### PROVIDED DATA ###

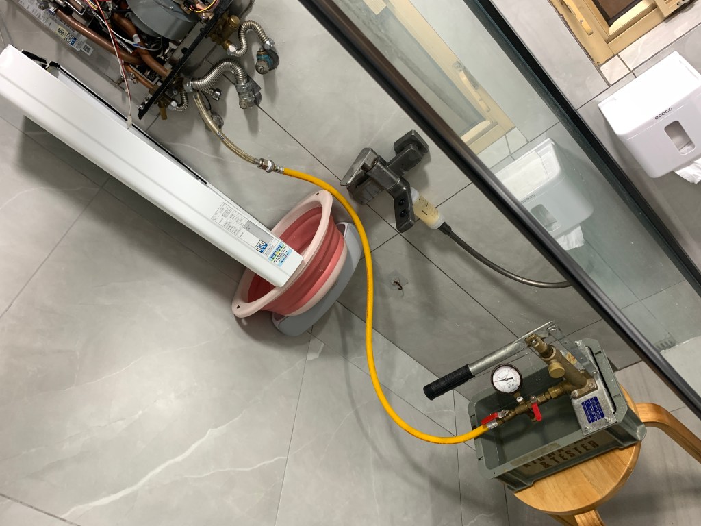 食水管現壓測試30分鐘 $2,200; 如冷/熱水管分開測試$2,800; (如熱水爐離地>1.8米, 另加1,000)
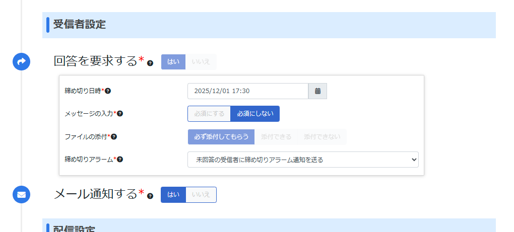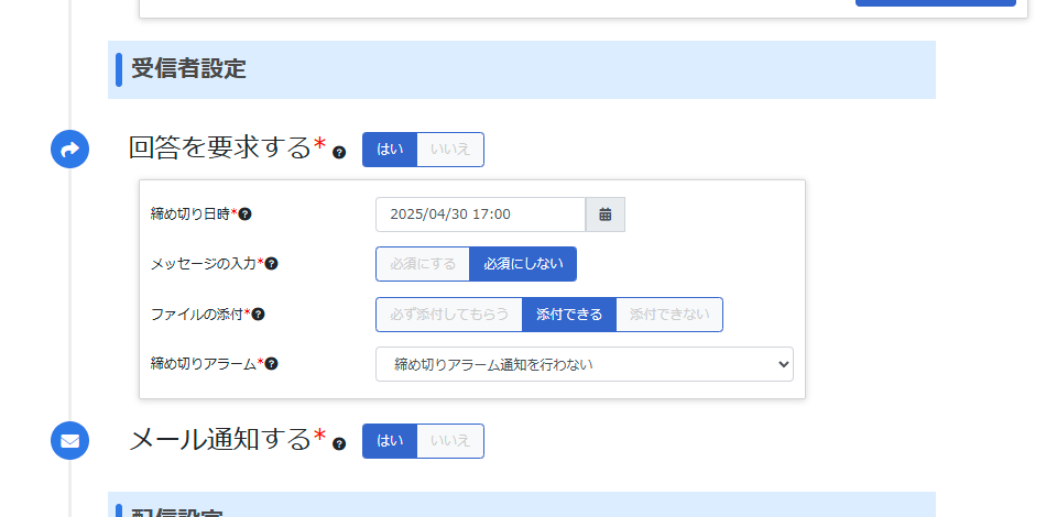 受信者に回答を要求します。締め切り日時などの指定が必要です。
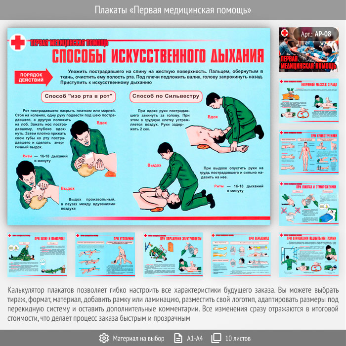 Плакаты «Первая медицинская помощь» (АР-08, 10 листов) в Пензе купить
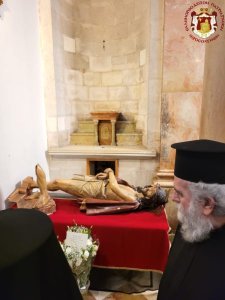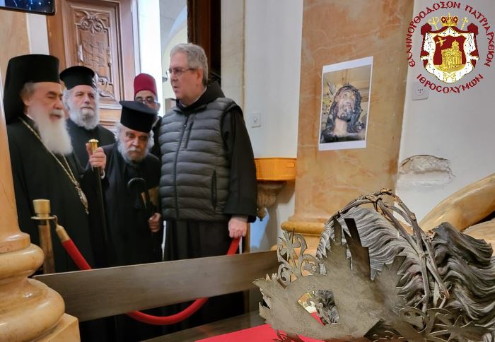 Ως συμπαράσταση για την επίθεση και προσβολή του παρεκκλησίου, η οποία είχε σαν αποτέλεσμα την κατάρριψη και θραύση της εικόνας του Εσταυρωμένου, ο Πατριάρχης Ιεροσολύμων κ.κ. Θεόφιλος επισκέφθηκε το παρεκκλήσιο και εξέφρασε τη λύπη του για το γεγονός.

###

* [ABOUT THIS TASK] Write out the data exactly, but not its pictures.

* [SOLVED EXERCISE]
 食水管現壓測試30分鐘 $2,200; 如冷/熱水管分開測試$2,800; (如熱水爐離地>1.8米, 另加1,000)
 受信者に回答を要求します。締め切り日時などの指定が必要です。
 Плакаты «Первая медицинская помощь» (АР-08, 10 листов) в Пензе купить
 Ως συμπαράσταση για την επίθεση και προσβολή του παρεκκλησίου, η οποία είχε σαν αποτέλεσμα την κατάρριψη και θραύση της εικόνας του Εσταυρωμένου, ο Πατριάρχης Ιεροσολύμων κ.κ. Θεόφιλος επισκέφθηκε το παρεκκλήσιο και εξέφρασε τη λύπη του για το γεγονός.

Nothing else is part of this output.